* WHAT TO PRODUCE
Look through the entries below and copy exactly the part that begins with the line containing "USN F-4j Phantom" and ends with the line containing "Pink freshwater pearl". Do not copy the pictures.

----------

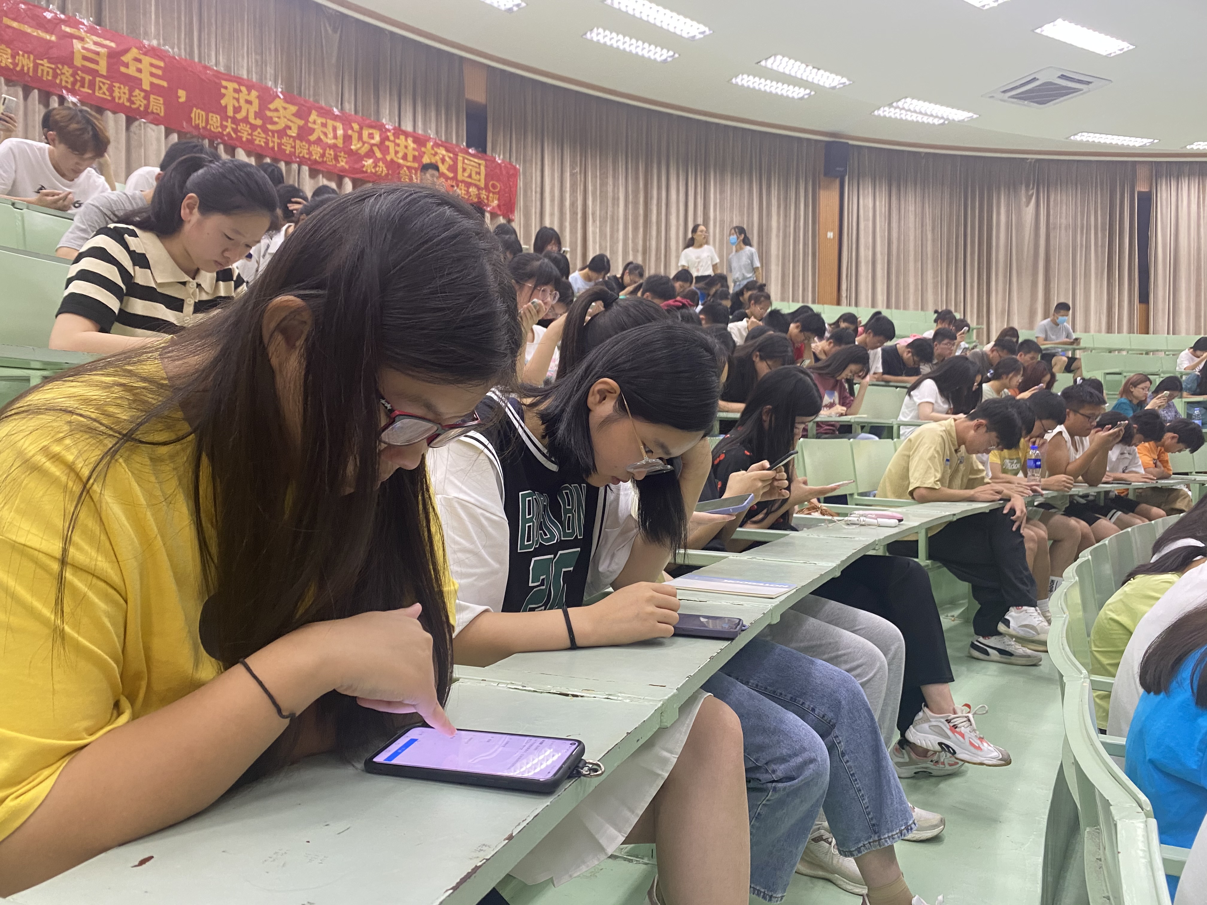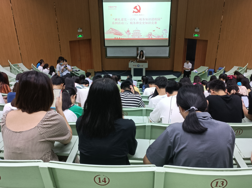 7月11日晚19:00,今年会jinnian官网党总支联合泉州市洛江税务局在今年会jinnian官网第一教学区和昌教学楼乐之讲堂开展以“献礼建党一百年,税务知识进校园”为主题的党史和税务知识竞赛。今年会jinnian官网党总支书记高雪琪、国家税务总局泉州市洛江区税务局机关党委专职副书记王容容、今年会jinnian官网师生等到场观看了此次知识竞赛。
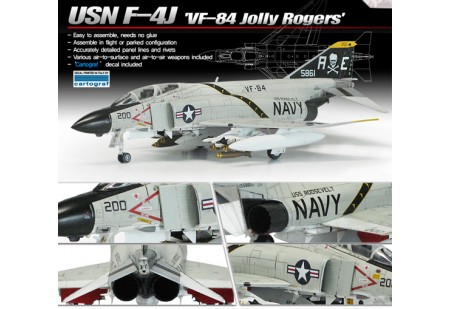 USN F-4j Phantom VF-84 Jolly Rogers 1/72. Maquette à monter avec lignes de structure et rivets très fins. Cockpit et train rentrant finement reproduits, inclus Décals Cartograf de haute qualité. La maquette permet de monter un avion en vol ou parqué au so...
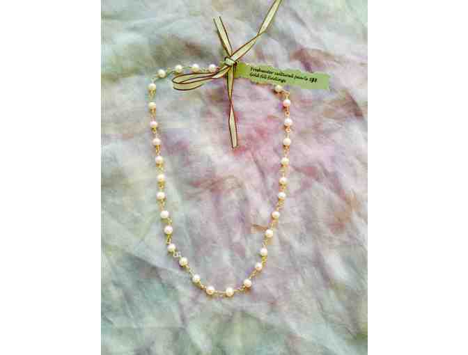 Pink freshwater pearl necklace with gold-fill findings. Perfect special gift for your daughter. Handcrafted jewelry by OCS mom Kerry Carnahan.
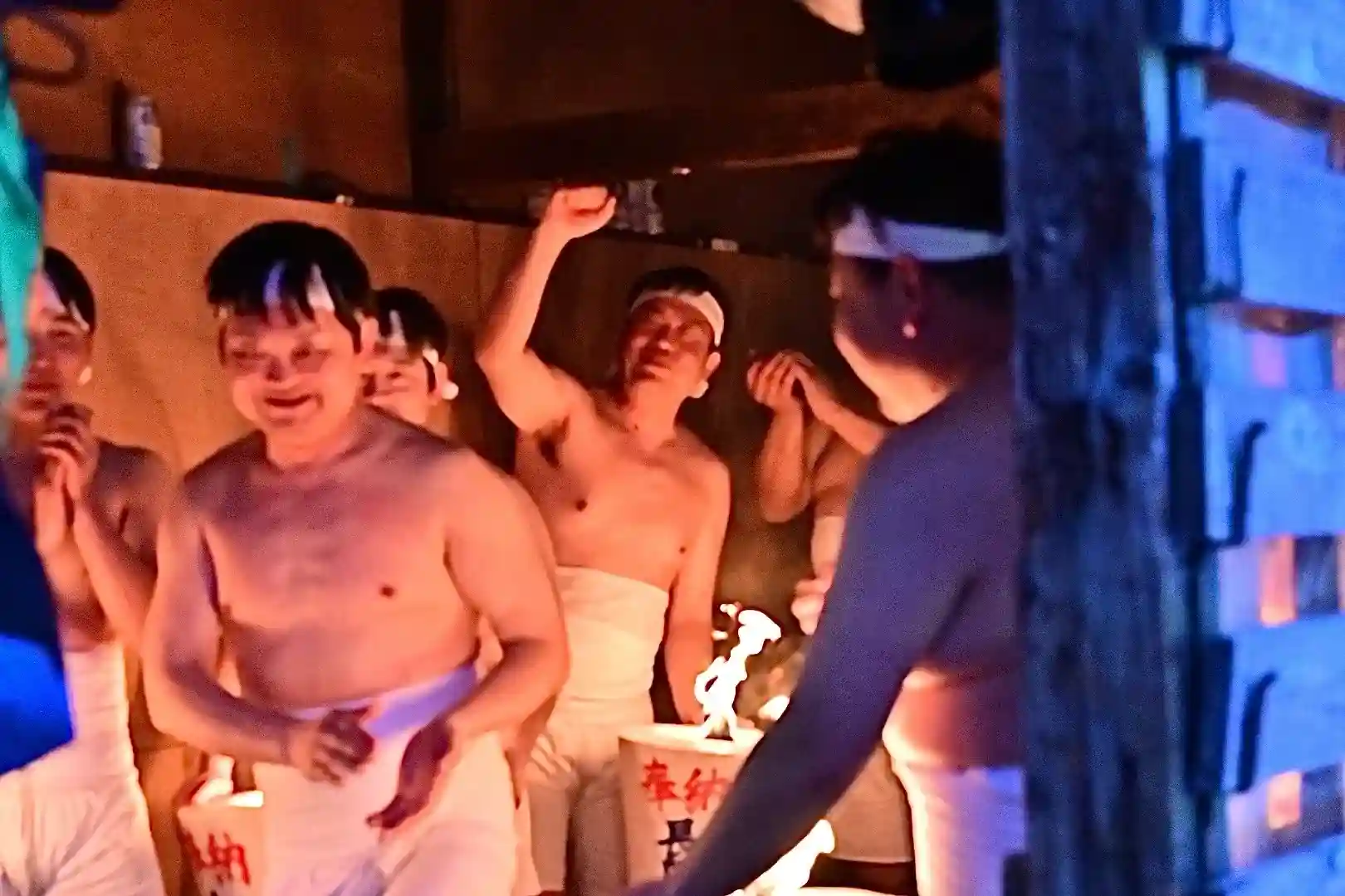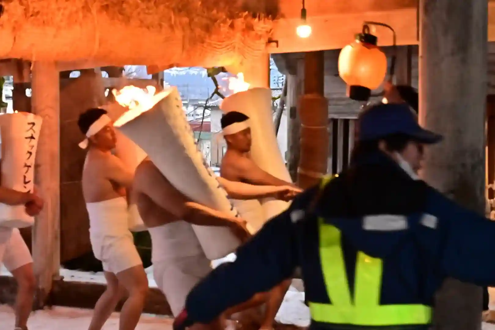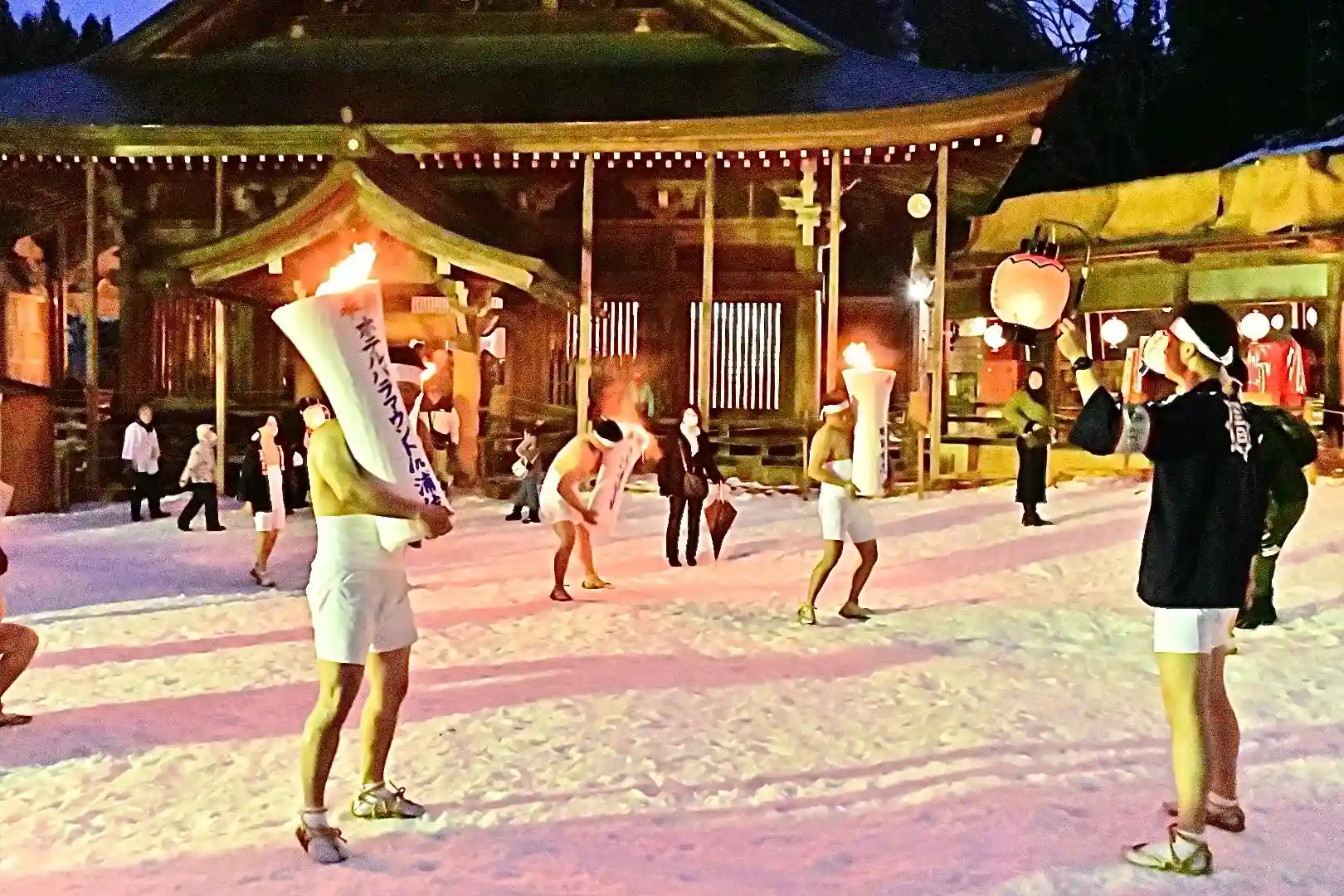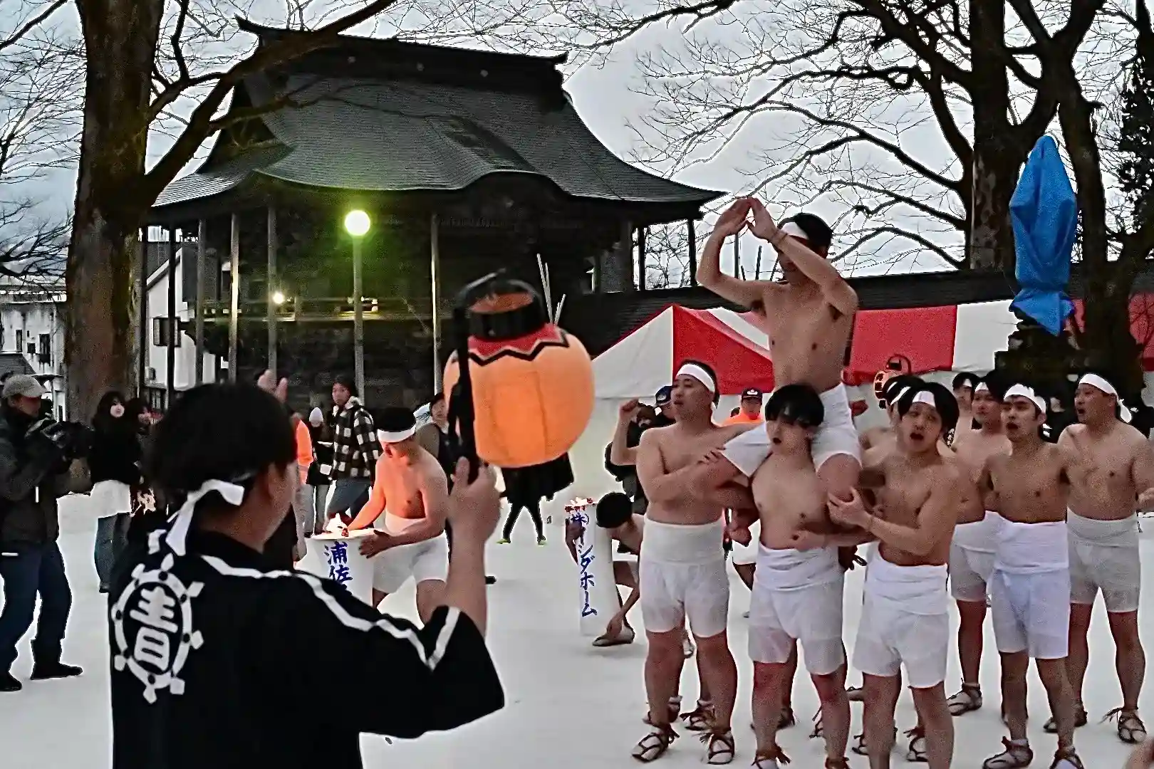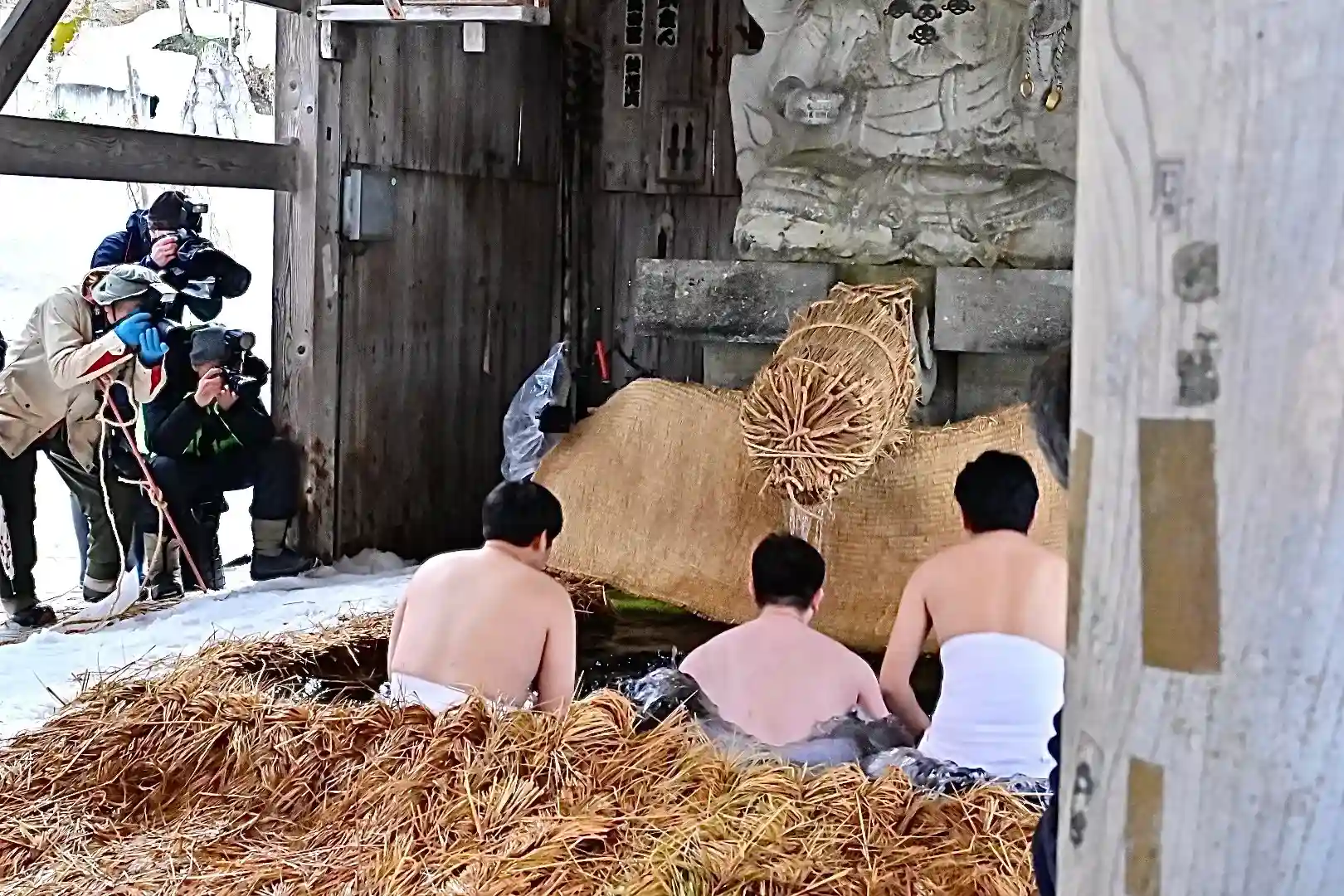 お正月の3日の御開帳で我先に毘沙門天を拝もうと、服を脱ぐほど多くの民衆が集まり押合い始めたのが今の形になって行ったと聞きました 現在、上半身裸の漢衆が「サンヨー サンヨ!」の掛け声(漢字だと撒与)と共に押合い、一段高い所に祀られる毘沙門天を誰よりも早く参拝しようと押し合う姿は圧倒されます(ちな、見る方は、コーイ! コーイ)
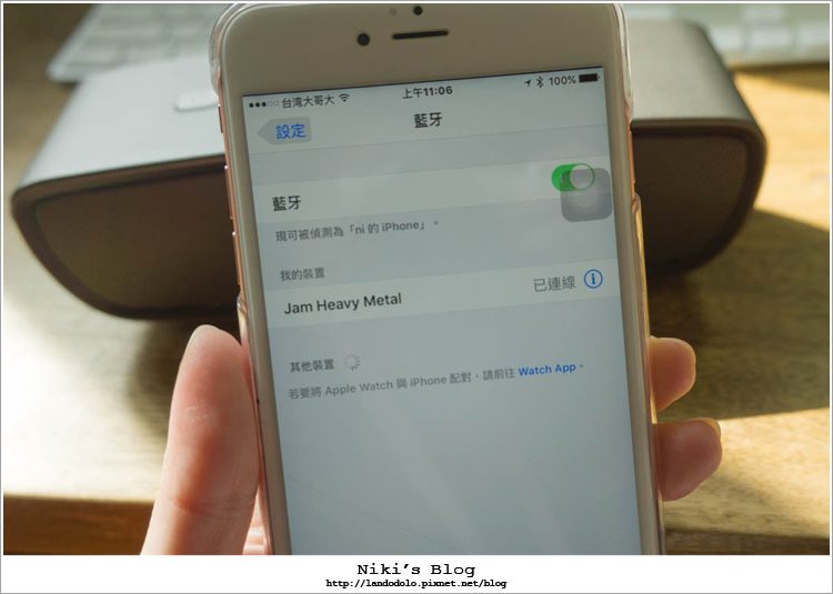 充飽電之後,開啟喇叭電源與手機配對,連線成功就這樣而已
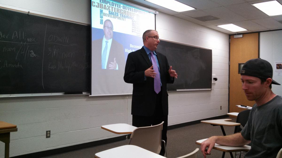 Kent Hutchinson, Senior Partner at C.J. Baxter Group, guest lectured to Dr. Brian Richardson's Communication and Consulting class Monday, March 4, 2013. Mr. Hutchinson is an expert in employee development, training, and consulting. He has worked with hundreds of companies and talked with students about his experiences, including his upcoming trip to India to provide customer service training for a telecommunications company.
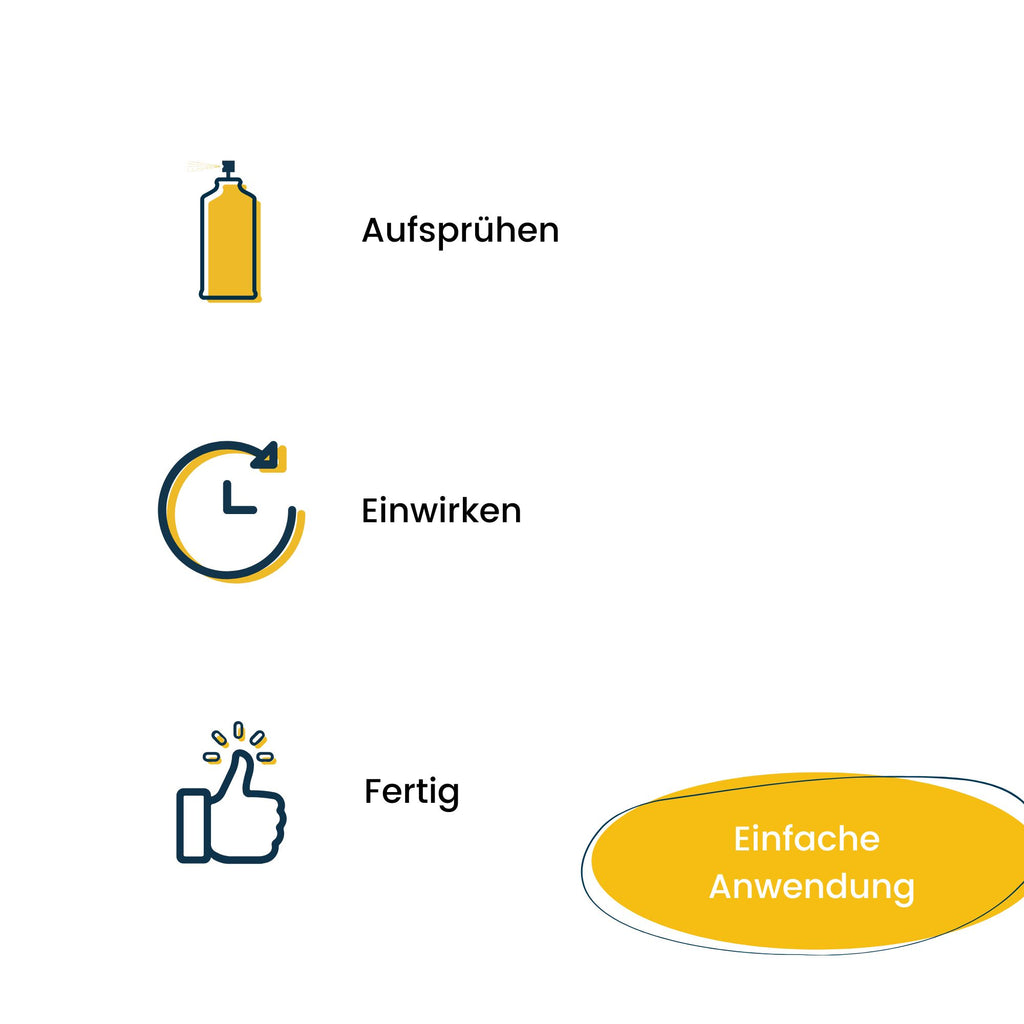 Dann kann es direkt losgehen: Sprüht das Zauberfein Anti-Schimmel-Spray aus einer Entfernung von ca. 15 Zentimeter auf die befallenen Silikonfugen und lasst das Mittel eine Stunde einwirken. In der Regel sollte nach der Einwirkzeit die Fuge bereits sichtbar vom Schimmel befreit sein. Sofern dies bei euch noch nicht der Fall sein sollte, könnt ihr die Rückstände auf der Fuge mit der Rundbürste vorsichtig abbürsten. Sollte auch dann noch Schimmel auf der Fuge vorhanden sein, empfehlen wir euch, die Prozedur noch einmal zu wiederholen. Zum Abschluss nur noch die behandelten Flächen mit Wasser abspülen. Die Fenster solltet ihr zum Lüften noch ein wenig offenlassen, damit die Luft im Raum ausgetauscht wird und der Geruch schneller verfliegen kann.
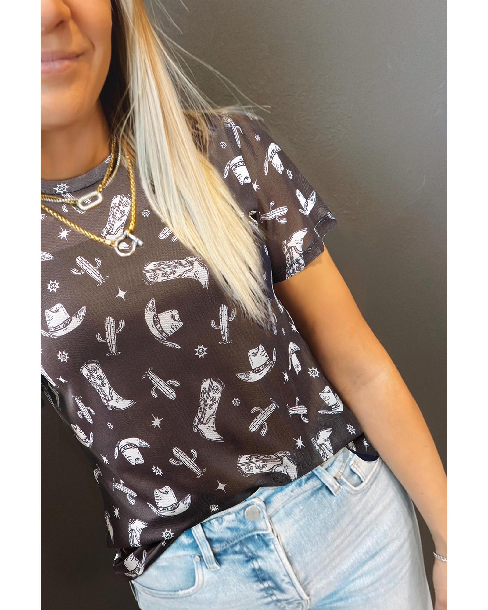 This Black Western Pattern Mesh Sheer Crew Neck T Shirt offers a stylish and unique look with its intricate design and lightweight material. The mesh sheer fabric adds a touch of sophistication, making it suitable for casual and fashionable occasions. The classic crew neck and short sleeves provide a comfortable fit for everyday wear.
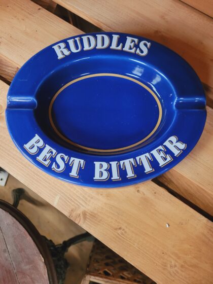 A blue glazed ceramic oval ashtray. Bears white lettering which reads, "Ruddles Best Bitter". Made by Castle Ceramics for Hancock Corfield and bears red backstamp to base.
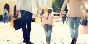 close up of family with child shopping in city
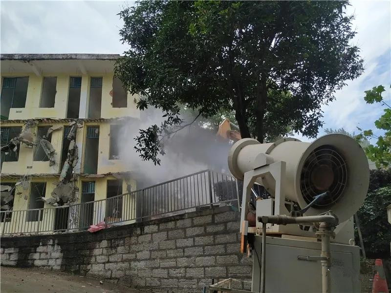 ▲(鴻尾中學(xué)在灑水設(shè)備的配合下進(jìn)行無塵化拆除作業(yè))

----------

* TASK RESPONSE
 USN F-4j Phantom VF-84 Jolly Rogers 1/72. Maquette à monter avec lignes de structure et rivets très fins. Cockpit et train rentrant finement reproduits, inclus Décals Cartograf de haute qualité. La maquette permet de monter un avion en vol ou parqué au so...
 Pink freshwater pearl necklace with gold-fill findings. Perfect special gift for your daughter. Handcrafted jewelry by OCS mom Kerry Carnahan.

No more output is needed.